Во-первых, есть поколения «между», то есть со сдвигом на 10-15 лет. Во-вторых, травмы в ХХ веке шли волнами, и одна накрывала другую, не давая не то что зализать раны – даже осознать, что произошло. Это все больше истощало, снижало способность к сопротивлению. Точно так же возможны сдвиги в волнах травм внутри семьи: например, дочь «Страшной бабы» может тоже вырасти «железной», но чуть мягче, и тогда будет другой сценарий.
В-третьих, на массовые травмы всегда накладывается история собственно семьи, в которой есть свои трагедии и драмы, болезни, предательства, радости и т. д. И все это может оказаться существенней исторический событий. Помню, как однажды в компании вспоминали события путча 1991 года, а один мужик говорит: а у меня накануне сын с дерева упал и повредил позвоночник, боялись, что парализует, так что я не помню никакого путча. А моя бабушка рассказывала, что 22 июня 1941 года была ужасно счастлива, потому что ночью у нее дочка родилась, и вроде понимала, что война и надо что-то другое испытывать, а счастье перекрывало все.

Важно: то, как на ребенка влияет опыт родителей, зависит от двух противоположных стремлений. С одной стороны, ребенок стремится быть похожим на родителя, воспроизводить его жизненную модель, как самую известную и досконально изученную. С другой – люди в семье сцеплены друг с другом, как детальки в паззле, где у одного выемка, там у другого выступ. Ребенок всегда взаимодополнителен к родителям: они беспомощны – он супермен, они авторитарны – он пришиблен, они его боятся – он наглеет, они гиперопекают – он регрессирует. Если детей несколько, все попроще, они могут «распределить обязанности»: один может быть похож на родителя, а другой – дополнителен. Так часто и бывает.
А если один? Какие причудливые формы это все приобретет? Плюс включается критичность к родительскому опыту и сознательные усилия «жить иначе». Так что как именно проявится травма в конкретном случае конкретного человека – никто заранее не скажет. Есть лишь сюжетные линии, потоки, в которых каждый барахтается, как может.

[...] необъяснимые телесные реакции взрослых пугают ребенка еще больше, у него закрепляются свои панические реакции на те же обстоятельства. Это если не думать про реинкарнации и т. п. А если думать, так и подавно.
источник
*
Поколение вины и гиперответственности.
Итак, третье поколение, внуки военного поколения, дети детей войны.
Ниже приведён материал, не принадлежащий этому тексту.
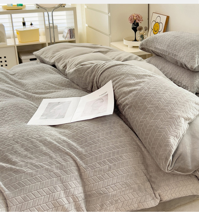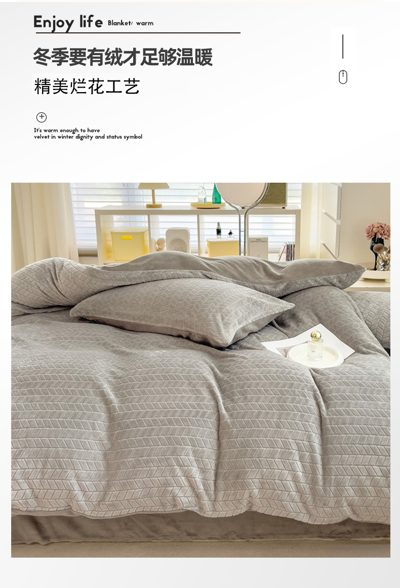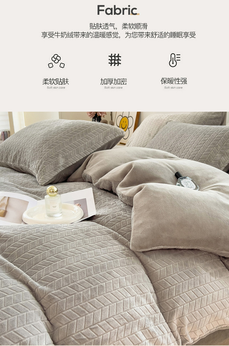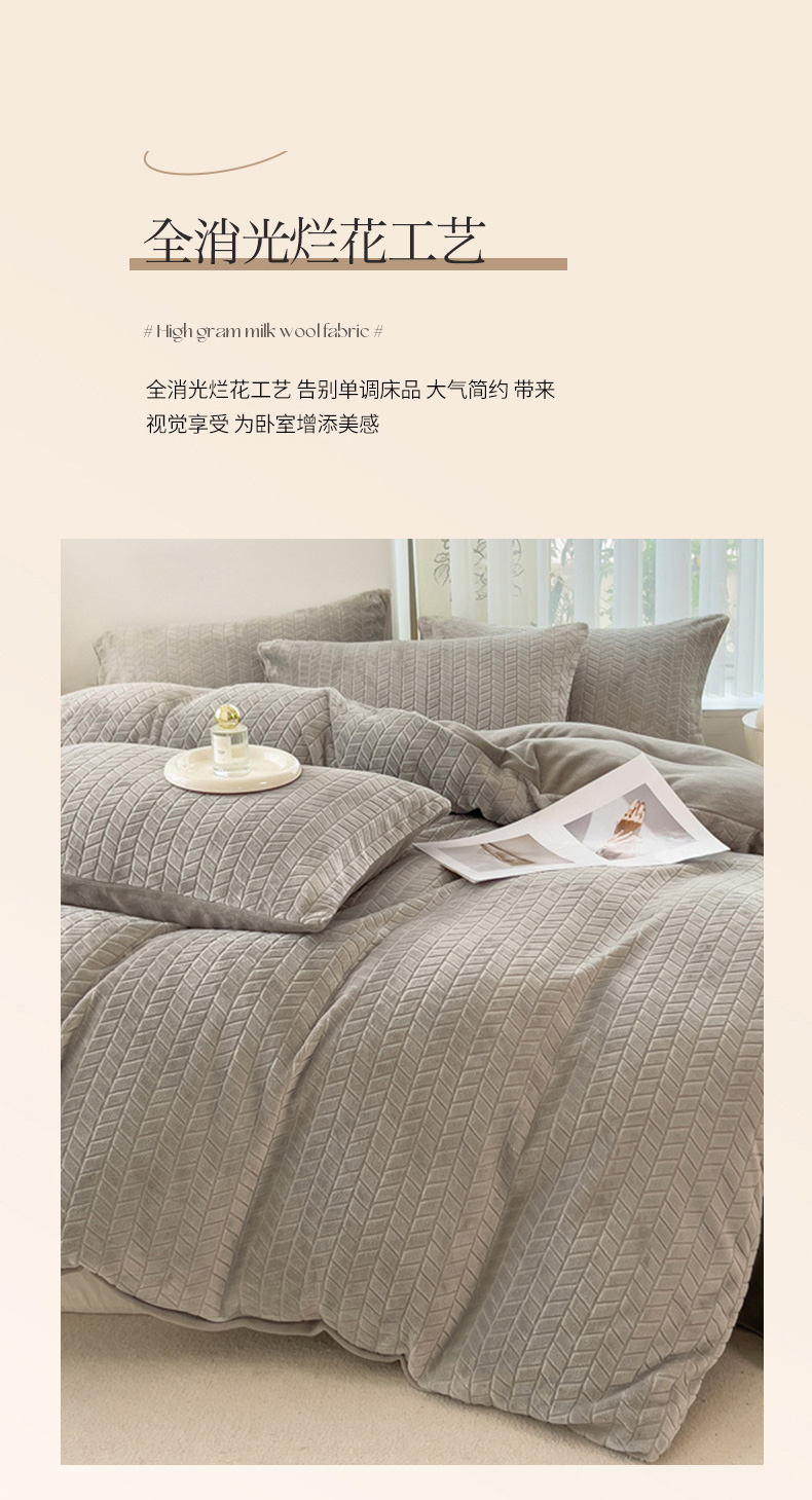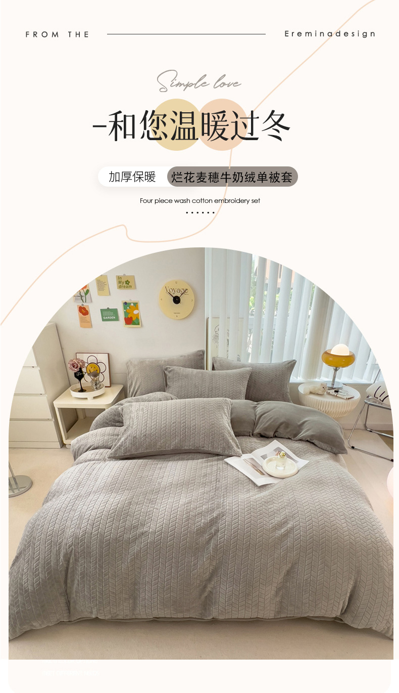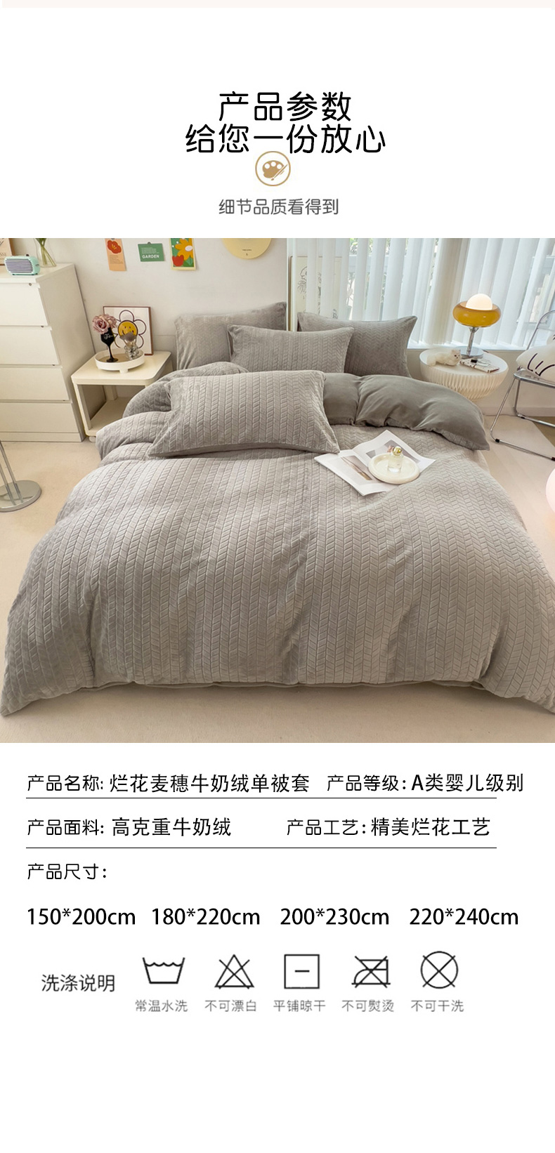 商品名称:全季家居 2023新款小清新A类高克重加厚印花牛奶绒被套单件 浅灰

«С нас причитается» — это, в общем, девиз третьего поколения. Поколения детей, вынужденно ставших родителями собственных родителей. В психологи такое называется «парентификация».
А что было делать? Недолюбленные дети войны распространяли вокруг столь мощные флюиды беспомощности, что не откликнуться было невозможно. Поэтому дети третьего поколения были не о годам самостоятельны и чувствовали постоянную ответственность за родителей.
У Дины Рубиной есть рассказ «Терновник». Классика: разведенная мама, шестилетний сын, самоотверженно изображающий равнодушие к отцу, которого страстно любит. Вдвоем с мамой, свернувшись калачиком, в своей маленькой берлоге против чужого зимнего мира.

А еще разводы, как мы помним, или жизнь в стиле «кошка с собакой» (ради детей, конечно). Не жаловаться, не обострять, не отсвечивать, а то папа рассердится, а мама заплачет, и скажет, что «лучше бы ей сдохнуть, чем так жить», а это очень страшно.
Символом поколения можно считать мальчика Дядю Федора из смешного мультика. Смешной-то смешной, да не очень. Мальчик-то из всей семьи самый взрослый. А он еще и в школу не ходит, значит, семи нет. Уехал в деревню, живет там сам, но о родителях волнуется. Они только в обморок падают, капли сердечные пьют и руками беспомощно разводят.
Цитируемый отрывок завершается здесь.